In the meantime, the team says they’re pausing news production while they establish themselves under a new fiscal sponsor, create editorial coverage priorities, and connect with donors; Simonton says she’s reached out to several of The Appeal’s donors and that she’s optimistic after hearing back from one fund that was previously a top donor.
“We’re hopeful that our next steps of outreach will be fruitful as well,” she said.
While there’s not much precedent for cooperatively run newsrooms, the staffers at least have a good idea of what they don’t want to be, and they’re committed to avoiding the failures of their predecessor.
“One of the issues […] that had come up at The Appeal was lack of equity for women and for people of color, and particularly, women of color and a tendency of the organization to push those people out,” said Molly Greene, a lawyer and writer for The Appeal who is now the transition team’s interim director of legal and finance. “Our goal is to create a space where we can bring in the representation that we really think this organization deserves, and that this work deserves, at every level of the organization, from reporting to Editor-in-Chief.”

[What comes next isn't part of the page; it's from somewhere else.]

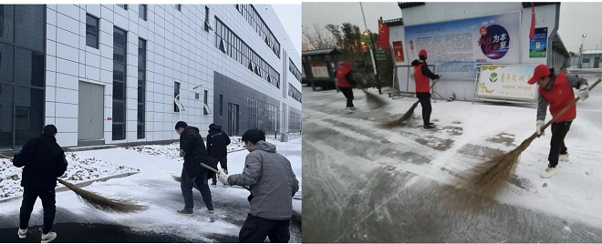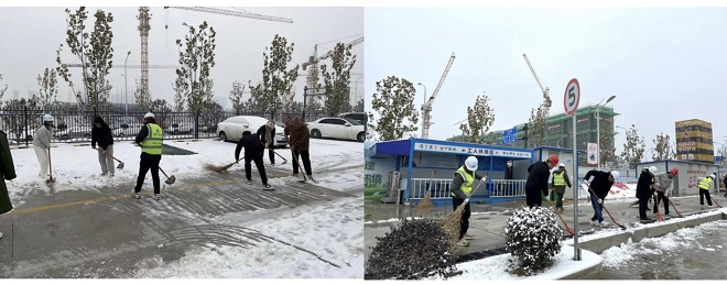 第四工程公司組織青年團(tuán)員清掃項目部、道路兩旁積雪。
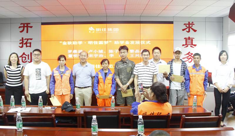 8月28日上午,明佳集團(tuán)工會(huì)“金秋助學(xué)·明佳圓夢(mèng)”助學(xué)金發(fā)放儀式在集團(tuán)公司三樓會(huì)議室舉行,為8個(gè)考取大學(xué)的職工子女發(fā)放助學(xué)金共計(jì)9600元??偛藐愒?、副總經(jīng)理鐘寒參加發(fā)放儀式,儀式由工會(huì)主席高斐斐主持。

The transition team sees this effort as an opportunity, not only to create a better workplace for themselves but to change the ways in which power is conceived, both in the newsroom and in their work covering exploitation, injustice and inequality in the criminal legal system.
“I’m obviously a little terrified, but incredibly excited and inspired,” senior reporter and transition team member Elizabeth Weill-Greenberg said. “If you had told me nine months ago that […] we would actually be able to take over The Appeal and run it in a way that aligns with our values and our commitment to challenging this incredibly inhumane system, I never would have believed it. So, I keep thinking that as scared as I feel now, it is a hundred times better than I felt three months ago when I felt totally disempowered.”